**What you need to do**
Pictures stay out of the output. Return exactly the lines below from the one with "Học sinh thực" down to the one with "This unfurnished ground", both included, and nothing more.

======== Records provided

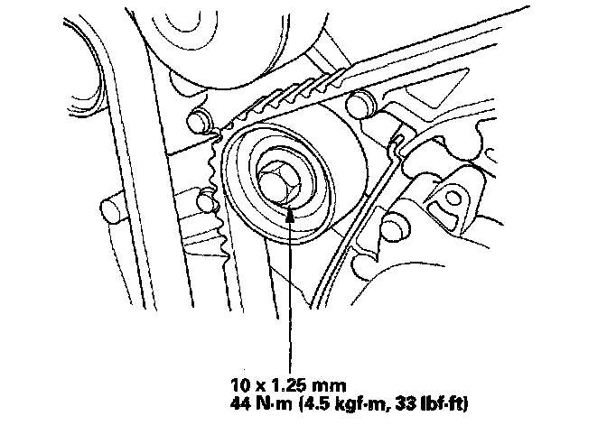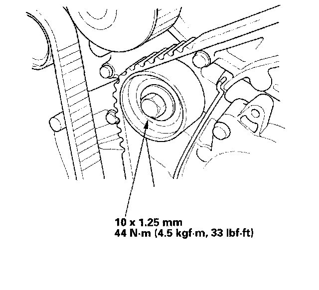 9. Install the timing belt in a counterclockwise sequence starting with the drive pulley.
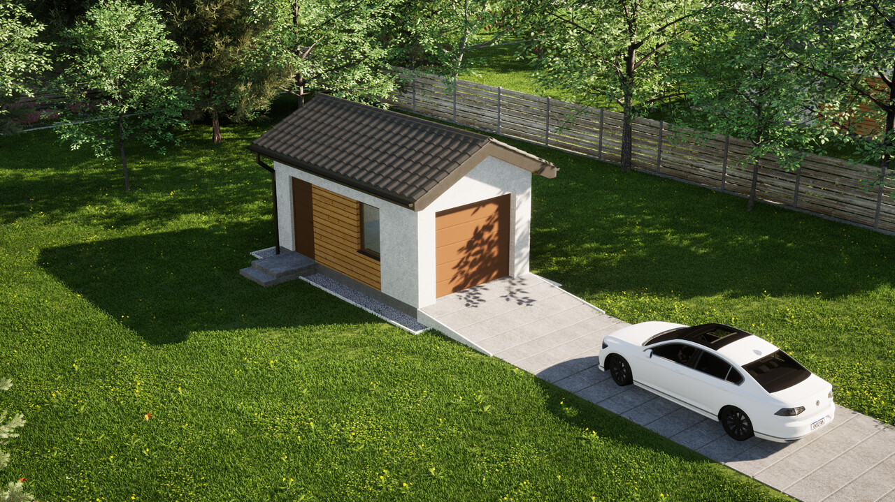 Garaż jednostanowiskowy ERDOL G1 o powierzchni 17,2 m² świetnie sprawdzi się nie tylko do garażowania samochodu, ale także do przechowywania wszystkich sprzętów, których nie potrzebujesz na co dzień w swoim domu, zyskując tym samym sporo dodatkowej przestrzeni.
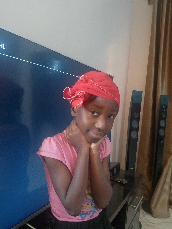 A young female, appearing to be a child, stands facing the camera in an indoor domestic setting. She has dark skin and wears a red fabric headwrap, styled with a prominent knot above her left temple. Her attire includes a short-sleeved pink t-shirt with a multi-colored graphic design on the chest and a dark-colored lower garment. Her hands are clasped at her neck/jawline, with her elbows bent. She presents a slight smile. The background features a large, dark flat-screen television to her left, displaying minimal white text "HL" and a thin horizontal line on its upper left portion. Beneath the TV is a dark, glossy entertainment console with metallic drawer pulls. To the child's right, two tall, dark-colored floor-standing speakers are positioned upright, each with visible circular speaker components. A multi-colored remote control rests on the entertainment console between the child and the rightmost speaker. Light brown or gold-colored curtains are visible on the far right, indicating a window or opening. The walls are a light, neutral color. The scene depicts a contemporary residential interior, consistent with a home in an urban environment such as Jos, Nigeria. There are no specific landmarks or unique architectural features within the image to pinpoint an exact location within the city of Jos.
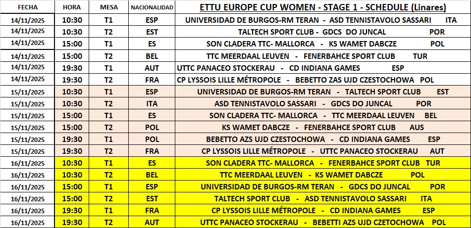 Del 14 al 16 de Noviembre, Linares acoge a los 12 equipos europeos que participan en la primera ronda de la ETTU Europe Cup.
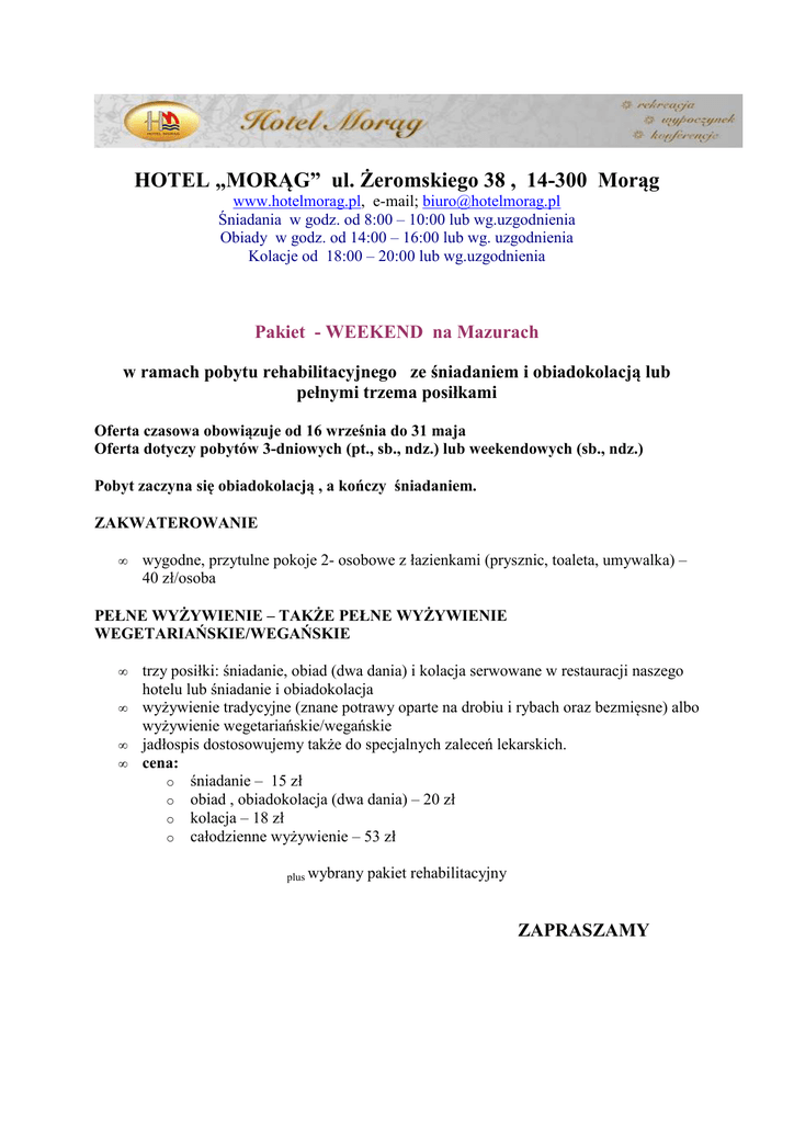 HOTEL „MORĄG” ul. Żeromskiego 38 , 14-300 Morąg www.hotelmorag.pl, e-mail; [email protected] Śniadania w godz. od 8:00 – 10:00 lub wg.uzgodnienia Obiady w godz. od 14:00 – 16:00 lub wg. uzgodnienia Kolacje od 18:00 – 20:00 lub wg.uzgodnienia Pakiet - WEEKEND na Mazurach w ramach pobytu rehabilitacyjnego ze śniadaniem i obiadokolacją lub pełnymi trzema posiłkami Oferta czasowa obowiązuje od 16 września do 31 maja Oferta dotyczy pobytów 3-dniowych (pt., sb., ndz.) lub weekendowych (sb., ndz.) Pobyt zaczyna się obiadokolacją , a kończy śniadaniem. ZAKWATEROWANIE • wygodne, przytulne pokoje 2- osobowe z łazienkami (prysznic, toaleta, umywalka) – 40 zł/osoba PEŁNE WYŻYWIENIE – TAKŻE PEŁNE WYŻYWIENIE WEGETARIAŃSKIE/WEGAŃSKIE • • • • trzy posiłki: śniadanie, obiad (dwa dania) i kolacja serwowane w restauracji naszego hotelu lub śniadanie i obiadokolacja wyżywienie tradycyjne (znane potrawy oparte na drobiu i rybach oraz bezmięsne) albo wyżywienie wegetariańskie/wegańskie jadłospis dostosowujemy także do specjalnych zaleceń lekarskich. cena: o śniadanie – 15 zł o obiad , obiadokolacja (dwa dania) – 20 zł o kolacja – 18 zł o całodzienne wyżywienie – 53 zł plus wybrany pakiet rehabilitacyjny ZAPRASZAMY
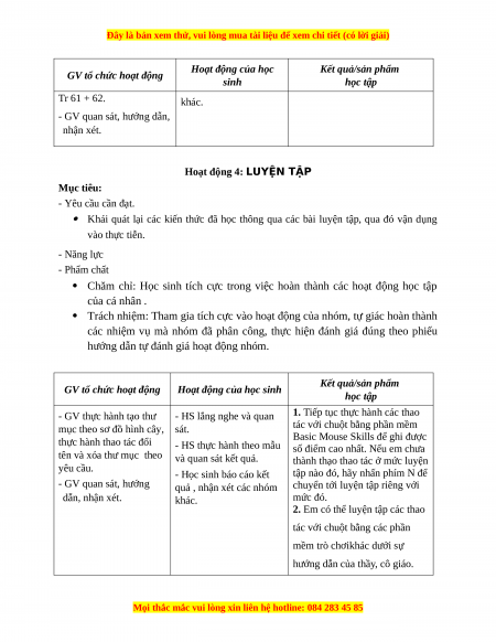 Học sinh thực hành đúng các thao tác với chuột máy tính. - Năng lực
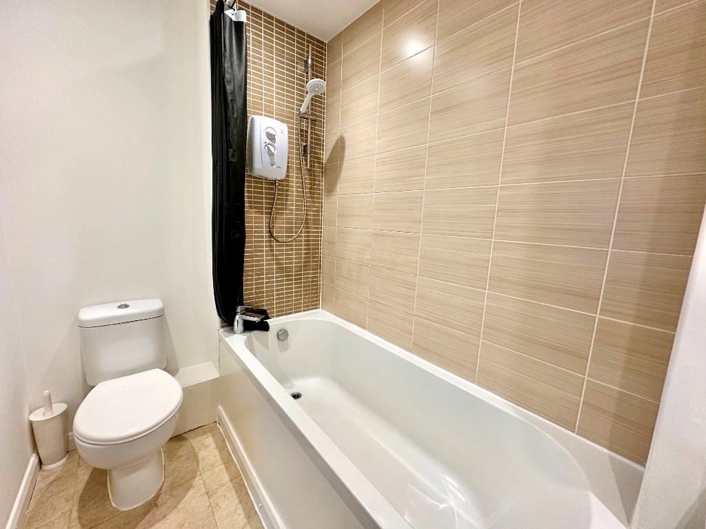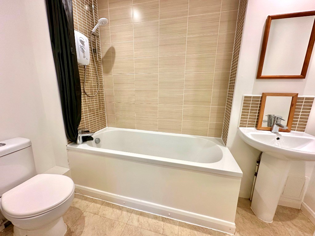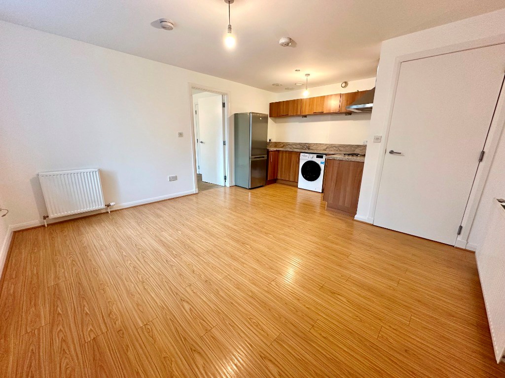 This unfurnished ground floor apartment features one double bedroom, spacious open plan living room and kitchen area with appliances including washing machine, fridge freezer and electric hob and oven. There is also a modern internal bathroom with white bathroom suite and electric shower over the bath.
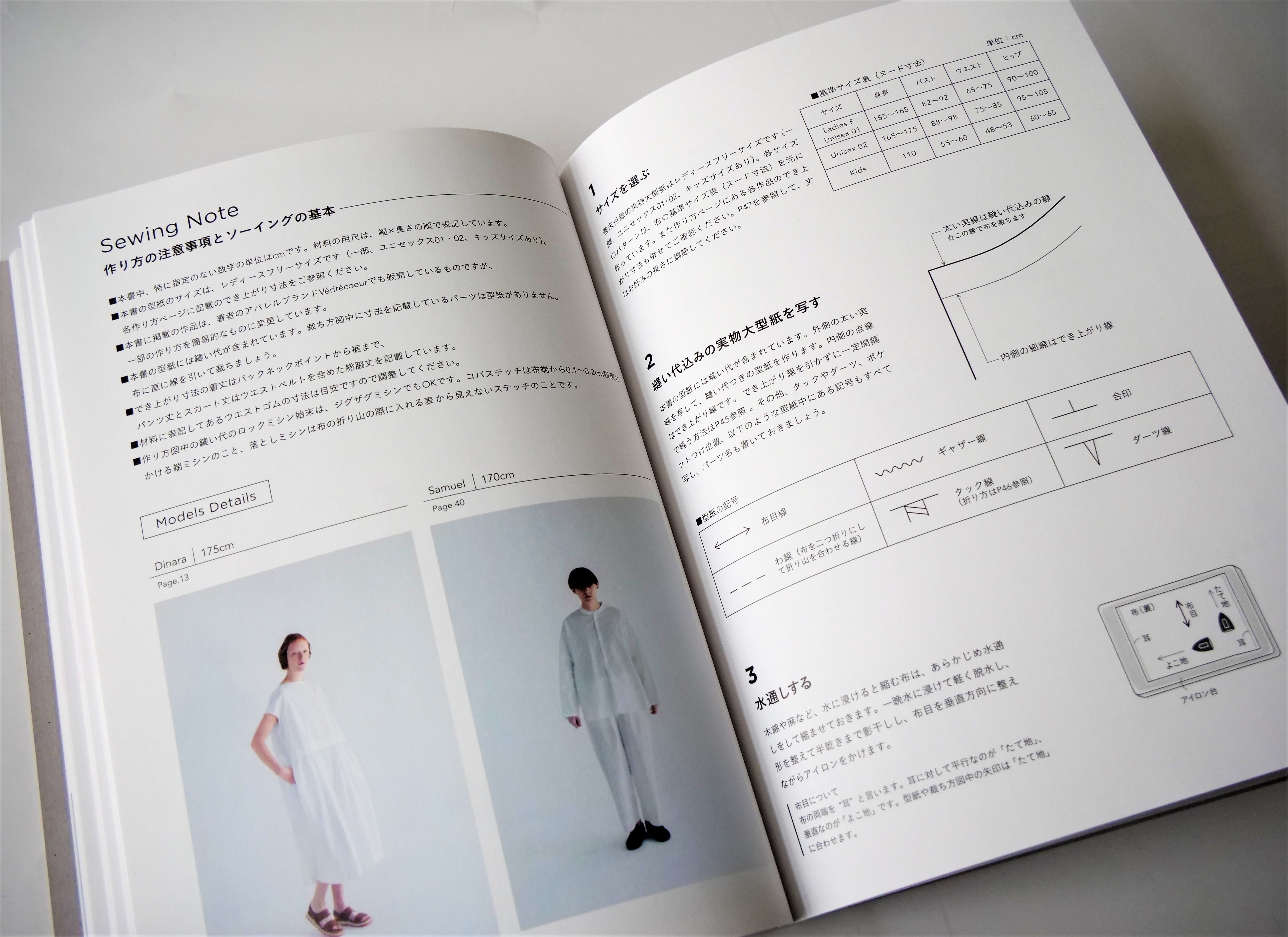 作品は、パンツ、スカート、シャツ、ブラウス、ワンピース、ベスト、羽織もの、コート、バッグ、帽子など計26点。レディースフリーサイズ(一部、ユニセックス01・02、キッズサイズあり)。縫い代込みの実物大型紙つき。

================

**Answer to this problem**
 Học sinh thực hành đúng các thao tác với chuột máy tính. - Năng lực
 This unfurnished ground floor apartment features one double bedroom, spacious open plan living room and kitchen area with appliances including washing machine, fridge freezer and electric hob and oven. There is also a modern internal bathroom with white bathroom suite and electric shower over the bath.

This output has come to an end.